Tuesday, May 14, 2013

Alabama Chapter - AAP

Linda Lee has served since 2007 as Executive Director of the Alabama Chapter of the American Academy of Pediatrics (AAP), where she oversees administration of the 700-member state society of pediatricians. During her tenure, she has grown the Chapter’s capacity to meet pediatric goals in numerous child health priority areas. As part of her role, Linda serves on numerous task forces, coalitions and committees including the Help Me Grow Alabama leadership team. We asked Linda to share a little with us about the work she has done and how AAP’s goals overlap with Help Me Grow.
Linda Lee, Executive Director
Alabama Chapter - American Academy of Pediatrics
Since 2007, in conjunction with Alabama’s Blueprint for Zero to Five initiative, the Chapter has co-led efforts to increase the percentage of children who receive standardized developmental screening in the medical home. We started this with the Alabama Assuring Better Child Health and Development (ABCD) project, which developed pilots in pediatric practices to train pediatricians on how to implement and score the Ages and Stages Questionnaire and refer for appropriate follow-up. In partnership with Alabama Medicaid Agency and ALL Kids, one of our goals was to establish state policy for third-party payment for standardized screening in the medical home. These efforts paid off, as Medicaid, ALL Kids, and Blue Cross Blue Shield of Alabama have all developed policy around and now pay pediatricians and family physicians for developmental screening (limited). 

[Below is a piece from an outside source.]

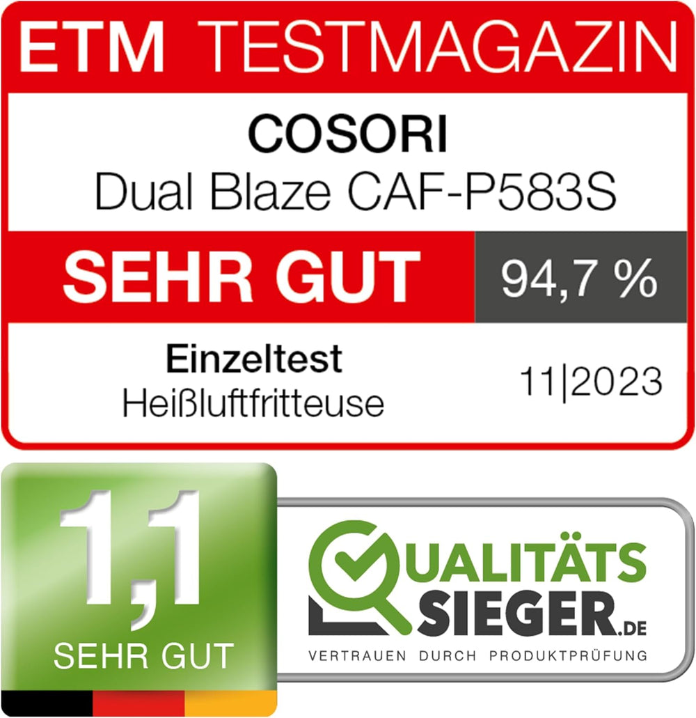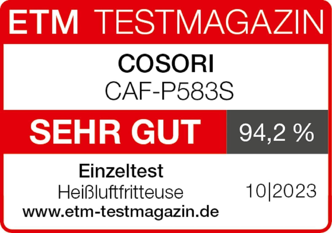 - 【Lebenslange Support】Die Air Fryer ist CE-, RoHS- und LFGB-gelistet. Unsere Deutschlandzentrale ist in Hamburg, kontaktieren Sie uns frei wenn Sie ein Problem mit unserer Heissluftfritteuse haben. COSORI bietet Ihnen lebenslange Support

Since the ABCD pilots, AAP’s strong alliance with partners at Alabama Department of Public Health, Alabama Partnership for Children, and Alabama Department of Mental Health has happily evolved to the Help Me Grow model, a natural step for this work. We have been pleased to join forces with the United Way of Central Alabama/Success By 6 in expanding standardized screening further in a five-county area in Central Alabama. HMG & AAP trains pediatricians on use of the Ages and Stages Questionnaire, coupled with the important benefit of having a connection to community resources via the HMG call center. We are excited about this partnership and the work that UWCA has done to make this a reality. In addition, this initiative has married AAP’s early literacy program, Reach Out and Read-Alabama, with HMG by connecting practices in the five-county area with new books for children from six months to five years of age. We owe a lot to the Community Foundation of Greater Birmingham for its support of HMG-Central Alabama.